More to the point. How come when I enter 65, the computer won't spit
back 11?
If you follow the three steps described above, it should become clear
why.
Note that changing the directives will change the steps. If you
include a width specifier, step 2 in particular changes. "%1ld"
and "%2ld" would limit step 2 to consuming at most 1 or at most 2
characters (respectively), for instance, i.e., the directive is now
handled with code equivalent to:
int c;
int i, max;
char buf[SOME_SIZE];
do {
c = fgetc(stream);
} while (isspace(c)); /* note that isspace(EOF) is false */
if (c != EOF)
ungetc(c, stream);
#define IS_SIGN(c) ((c) == '+' || c == '-')
max = <the supplied format width>;
for (i = 0; i < max; i++) {
c = fgetc(stream);
/* note that isdigit(EOF) is false, so no separate test needed */
if (isdigit(c) || (i == 0 && IS_SIGN(c)))
buf
= c;
else
break;
}
if (c != EOF)
ungetc(c, stream);
if (i > 0 && isdigit(buf[i - 1])) {
buf = '\0';
*va_arg(ap, long *) = atol(buf); /* or strtol(buf, NULL, 10) */
} else
... handle input or matching failure, depending on c==EOF ...
Note: I cannot find the actual limit in the C99 draft standard text
I keep handy for searches, but I believe that "%ld" -- with no hard
limit on the number of decimal digits -- is allowed to "act like"
%4095ld or similar, so that the size of the "buf" into which decimal
digits are saved need not be infinite. (Of course, implementations
can simply combine the reading and converting:
unsigned long result = 0;
int sign = 0;
max = <whatever, possibly LLONG_MAX with max having type long long>;
for (i = 0; i < max; i++) {
c = fgetc(stream);
if (i == 0 && IS_SIGN(c)) {
if (c == '-')
sign = 1;
} else if (isdigit(c))
result = (result * 10) + (c - '0');
else
break;
}
... handle the rest similarly, but no need for atol/strtol ...

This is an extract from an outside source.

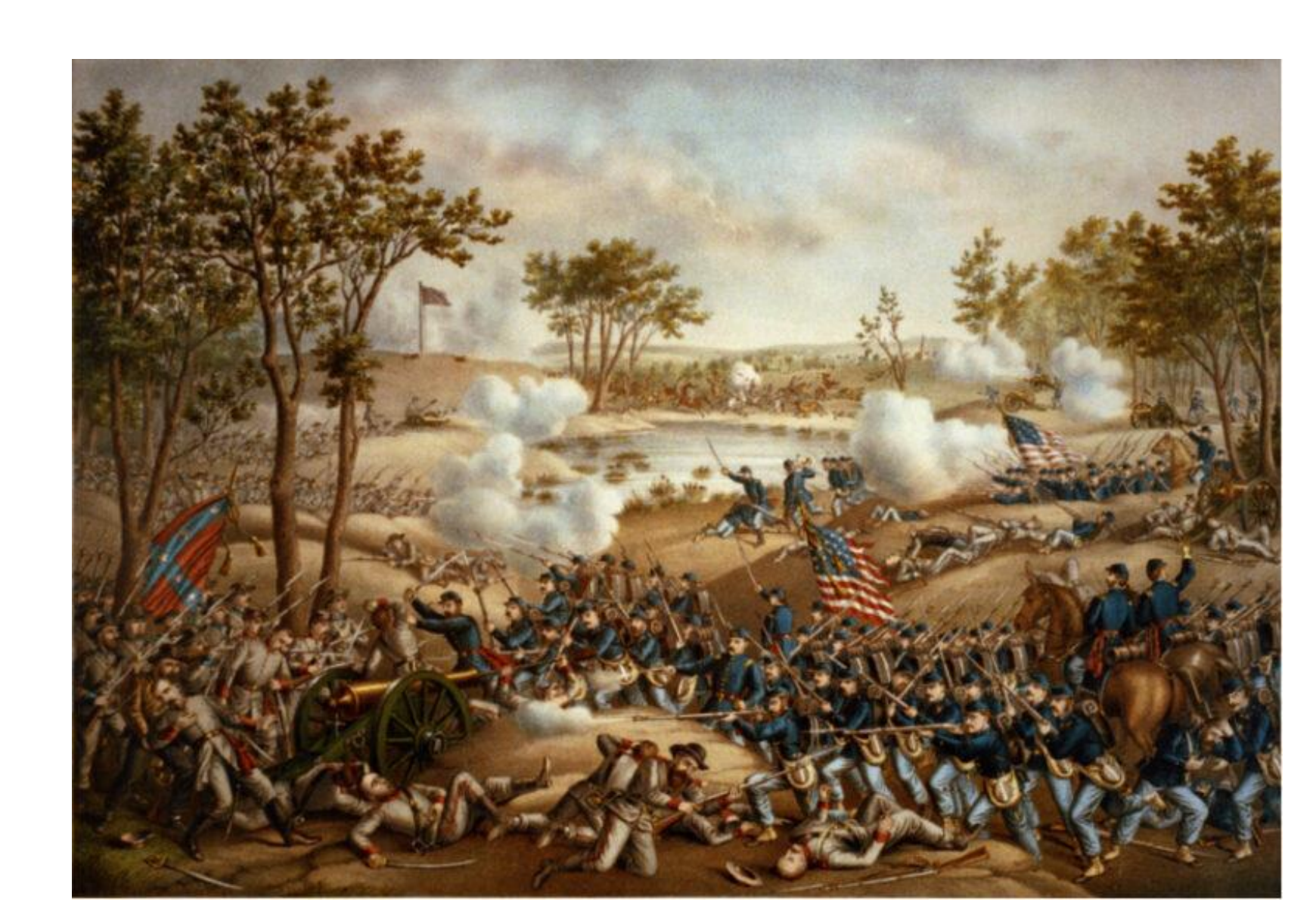
1888 Depiction of The Battle of Antietam Bill of Rights Institute

"You may even assure them promptly in that case that if they determine to recognize, they may at the same time prepare to entire into alliance with the enemies of this Republic."

but this means that %ld input behaves differently on overflow than
does strtol(). This is allowed, but I prefer implementations that
handle overflow the same way in the scanf engine as in strtol().)
This is a lot to remember (which is why it is a good idea to keep
a reference handy, to look up all the details on how the scanf
engine has to work). But there are a couple of key items that
you should memorize, if you are going to use the scanf family:
- almost all conversions begin by skipping initial white space;
- "white space" includes newlines;
- almost all conversions DO NOT skip trailing white space.
This means that applying the scanf family to a stdio stream almost
always leaves "trailing white space" -- usually a newline -- behind
in the stream. This trailing white space will cause you trouble
later. It is tempting to add code to remove it, but this is usually
a mistake, because it is only *almost* always left behind, so if
you simply always remove another "line" ended by a newline, you
will sometimes remove input you should have left alone. The best
approach -- besides "avoid scanf entirely" 
-- tends to be "read
a line with a line-oriented function, then use sscanf() on the
resulting string". This gives you much more control, and much more
"obvious predictability" on how the program will behave with various
inputs. Code that is obvious and predictable tends to be easier
to debug, and hence more reliable and useful in the long run, than
code that is obscure.
(It is possible, but somewhat difficult, to "read a line" with
the scanf family. The code to do this is somewhat obscure. It
does appear here in comp.lang.c now and then.)